33
$\begingroup$

It is a theorem in basic representation theory that the degree of an irreducible representation on $G$ over $\mathbb{C}$ divides the order of $G$. The usual proof of this fact involves algebraic integers (see for example Fulton & Harris' Representation Theory, Serre's Linear representations of finite groups, or Simon's Representations of finite and compact groups). However I find this proof somewhat unsatisfying precisely because it uses algebraic integers, which don't show up much elsewhere in basic representation theory, and it is not at all evident why algebraic integers should be used.
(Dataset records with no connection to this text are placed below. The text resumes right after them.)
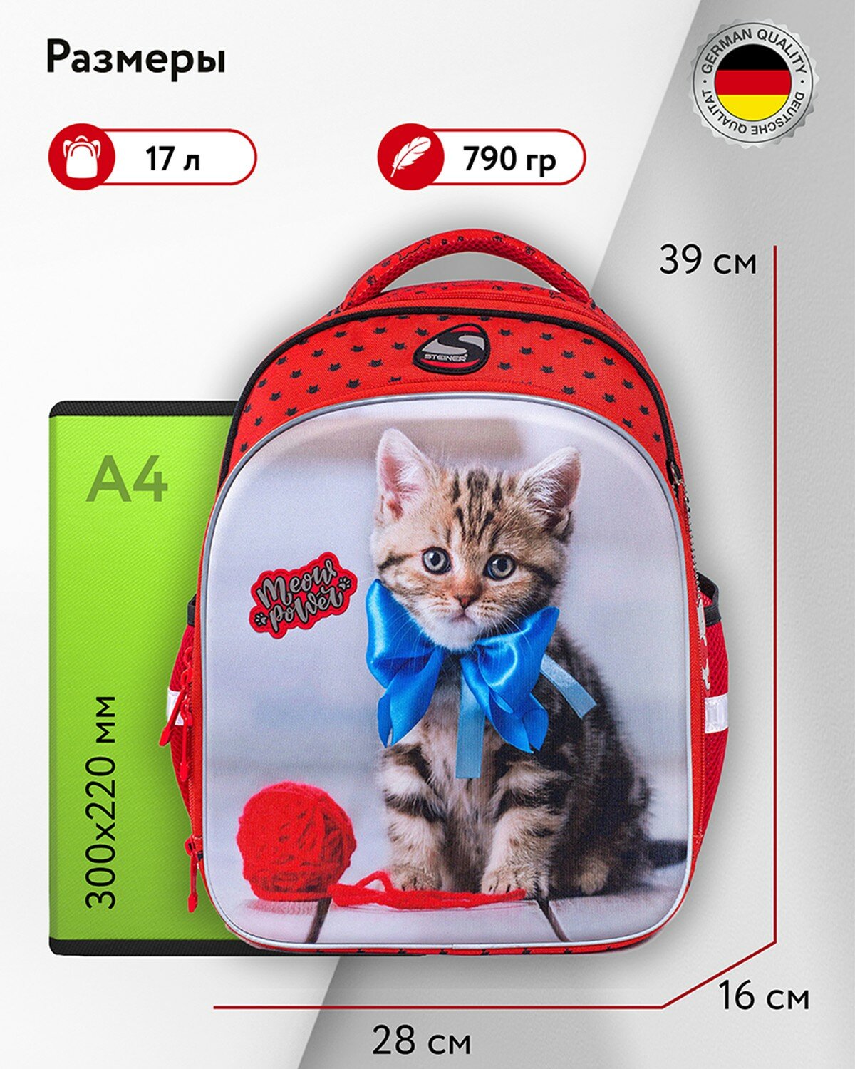 Рюкзак школьный (ранец) для девочки Steiner, полужёсткий, ортопедическая спинка, 2 отделения, фирменный брелок в подарок информация: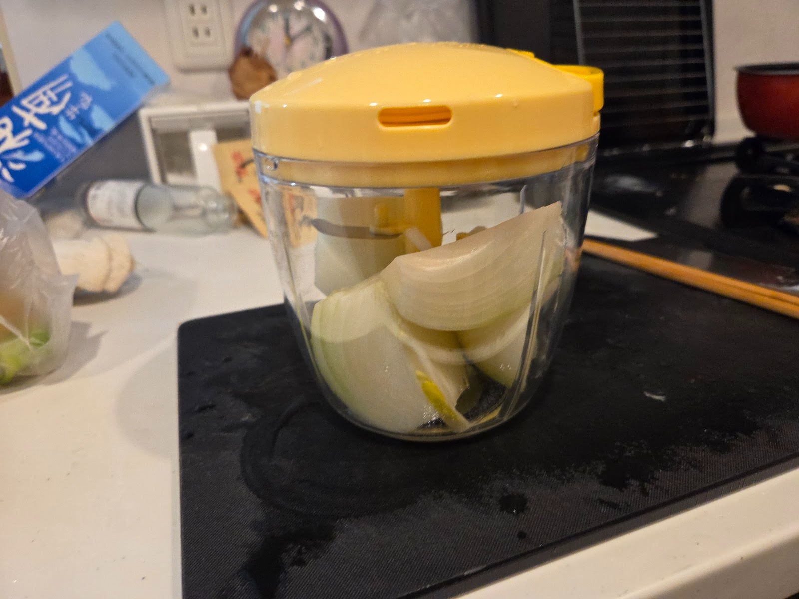 容量は900mlとしっかりあるので、玉ねぎなら1個分は余裕で入り、2個分くらいでも問題なく処理できます。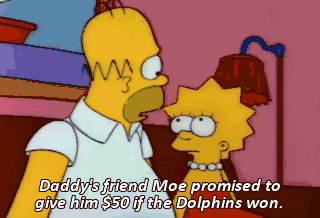 Daddy's friend Moe promised to give him $50 if the Dolphins won. You made a bet? I wouldn't call it a bet. It's a little thing daddies do to make football more exciting.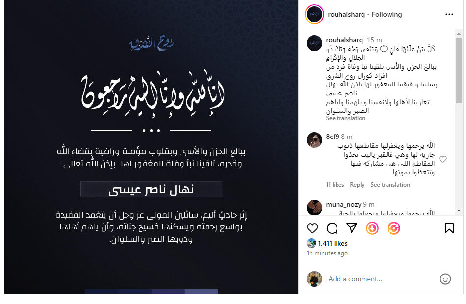في هذا السياق، نشرت الصفحة الرسمية لفريق كورال روح الشرق على موقع تبادل الصور والفيديوهات إنستجرام، صورة ينعى من خلالها أحد أفراده وتدعى نهال ناصر عيسى، قائلا: “كُلُّ مَنْ عَلَيْهَا فَانٍ وَيَبْقَى وَجْهُ رَبِّكَ ذُو الْجَلالِ وَالإِكْرَامِ، ببالغ الحزن والأسى تلقينا نبأ وفاة فرد من أفراد كورال روح الشرق، زميلتنا ورفيقتنا المغفور لها بإذن الله نهال ناصر عيسي، تعازينا لأهلها ولأنفسنا ويلهمنا وإياهم الصبر والسلوان”.

I feel that there has to be another proof of this theorem that uses techniques of group theory and representation theory, but the only other proof I know is one by Kopp and Wiltshire-Gordon, but that proof seems to use even more complicated ideas if not machinery!

What are some other proofs of this theorem?

$\endgroup$
6
  • $\begingroup$ Actually, algebraic integers can be considered beasts from (Galois) group theory. $\endgroup$ Nov 23, 2012 at 15:23
  • $\begingroup$ Is the fulton and harris proof the character theoretic one which uses $\langle \chi,\chi \rangle$ to show $|G|/\chi(1)$ is an algebraic integer? $\endgroup$
    – Alexander Gruber
    Nov 23, 2012 at 20:12
  • $\begingroup$ @Alexander More or less. Fulton and Harris presents this theorem as an exercise (Problem 2.38) and works it out at the back of the book. $\endgroup$
    – JHF
    Nov 23, 2012 at 22:14
  • $\begingroup$ “The proof of Kopp and Wiltshire-Gordon seems to use more complicated ideas” ? Their abstract claims otherwise : “the only ingredients are Schur’s lemma, basic counting, and a divisibility argument.” $\endgroup$ Dec 1, 2012 at 6:20
  • 1
    $\begingroup$ @Ewan: While the calculations might not be very sophisticated, Remark 6.4 of the Kopp and Wilton-Gordon indicates that the proof depends on corollary 4.2. Certainly the involvement of surfaces defined by words or equation (52) is a surprising idea, no? So I'm wondering if there's a more group-theoretic proof. $\endgroup$
    – JHF
    Dec 1, 2012 at 23:24

4 Answers 4

30
+50
$\begingroup$

It seems to me that Etingof et al (pages 51-52) and Kopp and Wiltshire-Gordon give very similar proofs. I'll write them out in as elementary a way as I can, and also give a third proof of my own along similar lines.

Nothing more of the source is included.